Призвав на патриарший двор высших московских святителей, Дмитрий, Ян Бучинский и начитанный полуполковник Иваницкий стали испытывать в новейшей мудрости волнующихся иереев. На первый же предложенный царём вопрос ответом было жёсткое усилие морщин и — следом — величественное молчание. Быстро перешепнувшись с помощниками, государь-экзаменатор милостиво разрешил ответчикам воспользоваться книгами. Расслабившись, отцы завздыхали свободнее, им подали на выбор коробы-тома из государственной библиотеки. Отрепьев знал: по выбранным из книги человеком положениям тоже можно судить о господстве разумения или дури в нём.

Многие сразу похватали милые, памятные по расписной обложке Азбуковники и завращали с ветром пёстрые страницы.

— Я так и думал, — нашёл ответ первым низенький архиепископ Тульский, — только своими словесами было боязно сказать. Вот кабы ты, мила надёжа, нас из постной триоди али из Апостола спросил — мы б тебе отстучали, языками не преткнувшись… По нам — мирское суемудрие сим вызубренным на всю вечность знакам не чета.

Из памяти Отрепьева — обдутым уголком запылённого лубка — проглянула картинка: за обедней плачущий архиерей корит Бориса Годунова за призыв в Россию иноземных лекарей и офицеров.

— Следы апостолов, конечно, много выше теософий светских, — ответил примирительно, но с вкрадчивым нажимом туляку Отрепьев. Нечаянно он теперь облекал своей плотью нежные приёмы старого царя. — Но, обожаемый отец, по следу их видать: апостолы ходили неучами по земле — в начале исчисления, давно очень… А нам с вами сегодня — аж в семнадцатом столетии! — перед нажившим горы ума миром бы не оплошать.

— Богомерзок пред Богом всяк любляяй геометрию, — сообщил дородный, в повитых мелким бесом косицах святитель, кажется не открывавший взятых книг.

— Никто и не понудит вас ни инженерией, ни геометрией, — чуть раздражился царь. — Я спрашиваю самые азы.

Тульский архиепископ, раскрыв свой Требник, наконец стал отвечать.

— Земля получила начало от вод, через всё большее и большее сгущение. В её серёдку помещён огонь, сиречь геенна — мучение, под водою — чёрный воздух, под воздухом — тартар-адис, тёмность смрадная…

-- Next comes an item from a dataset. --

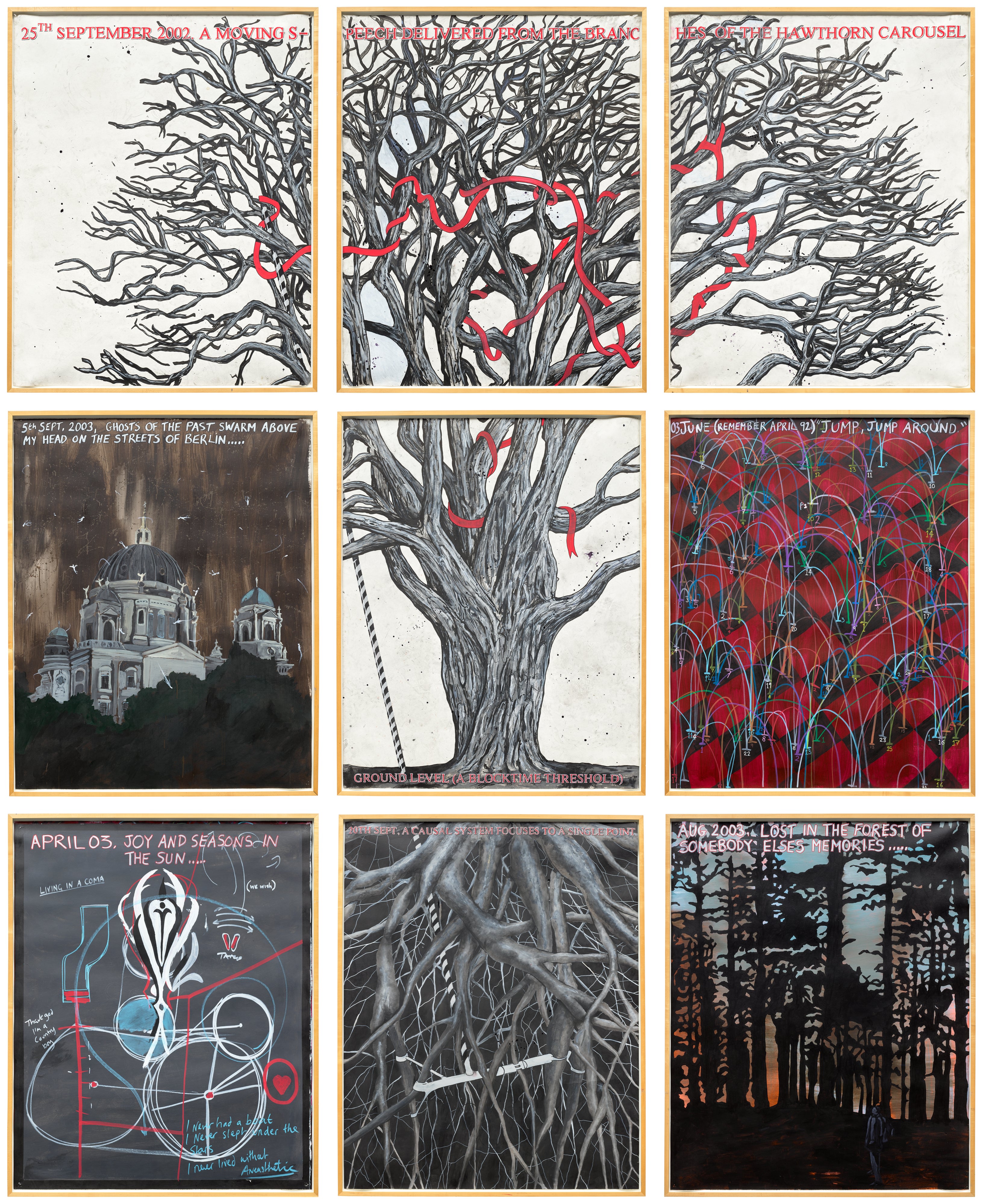 A monumental work composed of nine individual panels, this piece by Keith Tyson combines watercolour, ink, and acrylic on paper to create a sprawling, encyclopaedic meditation on a single day. The work reflects Tyson's characteristic impulse to map the interconnected systems, events, and ideas that converge at any given moment in time, blending diagrammatic notation with expressive mark-making. Presented in the artist's own frame, the piece is as much an object as it is an image, emphasising Tyson's interest in the artwork as a living document of the world.

— Не может быть… — Ян Бунинский забрал у епископа книгу и перечёл об угрюмой Земле. Дмитрий обнял голову руками — печально помычал (но сам развеселился в тайной глубине: всего-то года два назад сам тешил в Гоще кафедру социниан страстями по «Индикополову», а теперь смеялся преспокойно над теми, кого Русь «от юности своея» чтит чудо-мудрецами).

Кудрявый протопоп, не признающий геометрии, зыркнул вполглаза в книжицу, придерживаемую в опущенной руке (книжка оказалась заложена его пальцем на какой-то красочной картинке), и огласил своё понятие Вселенной:

— Сей мир есть облиян вонданским морем, в нём же земля плавает, яко желток в яйце, но не может двинутися, понеже ни на чём стоит!

— Ну, спаси её Бог! — Дмитрий поблагодарил протопопа и прошёл было к очередному докладчику, как Бучинский, взявший на осмотр и это сочинение, воскликнул:

— А ведь добрая книга, великий Димитр. Глянь, просто святой отец рисунок не так понял.

Советник показал царю страницу с точной астрономической схемой: действительно, желтки плывут в «вонданских» расходящихся кругах.

Отрепьев обратил «Вселенную» лицом к священству:

— Прояснит ли кто сию парсуну мира?

Под непонятливым, жалобным взором царя духовные начали жмуриться и расступаться.

— Не знать о редких умах собственной отчизны, царь Димитр, им вовсе стыдно, — заметил вполголоса Бучинский. — Взгляни: главы кириллицей тиснуты и писал какой-то ваш Иван.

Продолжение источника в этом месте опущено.